> [Your goal]:
Print the records below exactly, starting at the first line and stopping after the line that contains "2025-2026賽季英超火". Leave out any pictures.

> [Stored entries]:
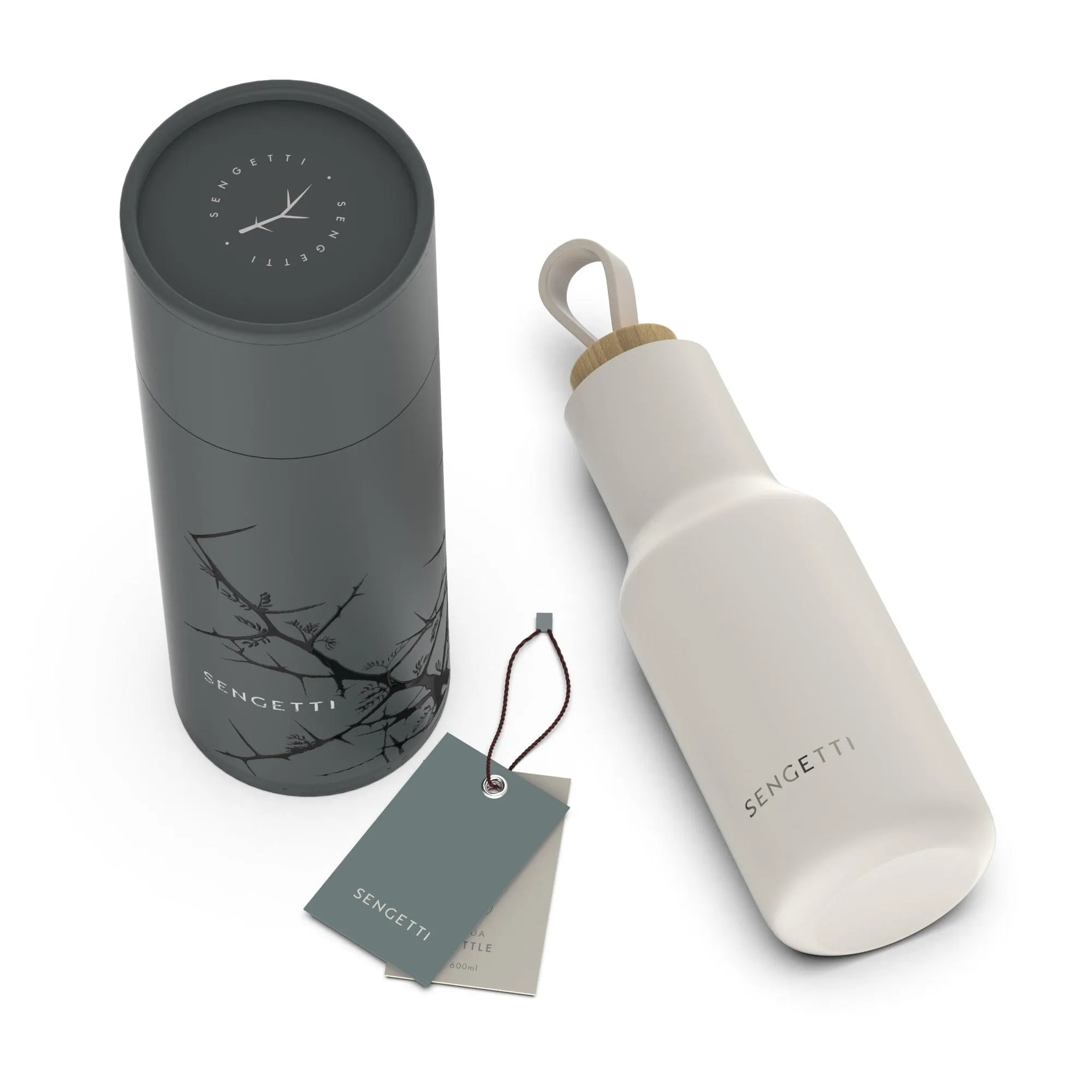 Sengetti Hydra Water Bottle -The Sengetti Hydra water bottle, designed for stylish hydration. Convenience meets style in one sleek package. This perfect water bottle stands out from the rest with its unique patented design, trademark Sengetti colours, and solid beach wood lid. The Hydra Bottle is the go-to water bottle for those who want to be noticed. This functional, sturdy, reusable bottle will add a touch of class to your drinking experience, making it the coolest addition to your day.
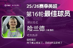 2025-2026賽季英超火熱進(jìn)行中,體育資訊和咪咕體育聯(lián)合發(fā)起每輪英超最佳球員評(píng)選活動(dòng)!第16輪評(píng)選結(jié)果已經(jīng)出爐,曼城前鋒哈蘭德當(dāng)選!
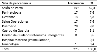 En la tabla 2 se muestra que el mayor porcentaje de las pacientes atendidas en la Unidad de Cuidados Intensivos procedió del Salón de Parto, para un 62,3%.
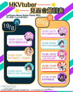 舞台表演方面,我們很榮幸邀請到著名日本動漫歌曲演唱團隊、日本動漫DJ及聲優事務所派員來港出演,為大家帶來一場聽覺上的盛宴。而新設立的「香港Vtuber主題區」除了同人攤位外,我們更增設與香港Vtuber現場見面的環節,讓各位粉絲們能夠即時透過場內的LED螢幕,與自己推的Vtuber(們)作現場互動!
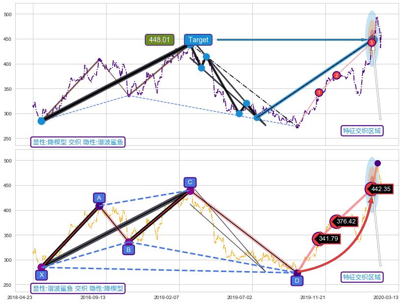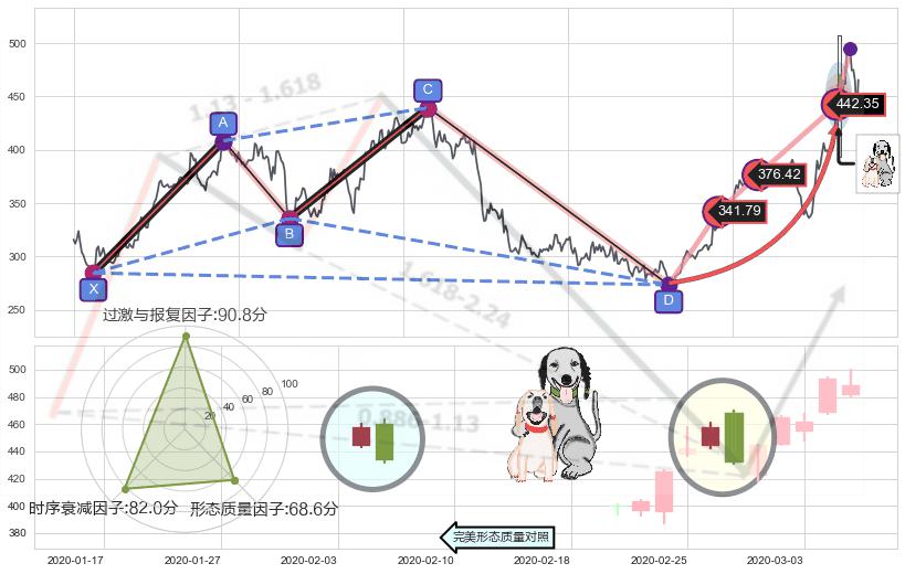 ➣ 已完成【鲨鱼】形态起点X: 2018-05-09, 终点D: 2019-09-27, 共350交易日

> [Task answer]:
 Sengetti Hydra Water Bottle -The Sengetti Hydra water bottle, designed for stylish hydration. Convenience meets style in one sleek package. This perfect water bottle stands out from the rest with its unique patented design, trademark Sengetti colours, and solid beach wood lid. The Hydra Bottle is the go-to water bottle for those who want to be noticed. This functional, sturdy, reusable bottle will add a touch of class to your drinking experience, making it the coolest addition to your day.
 2025-2026賽季英超火熱進(jìn)行中,體育資訊和咪咕體育聯(lián)合發(fā)起每輪英超最佳球員評(píng)選活動(dòng)!第16輪評(píng)選結(jié)果已經(jīng)出爐,曼城前鋒哈蘭德當(dāng)選!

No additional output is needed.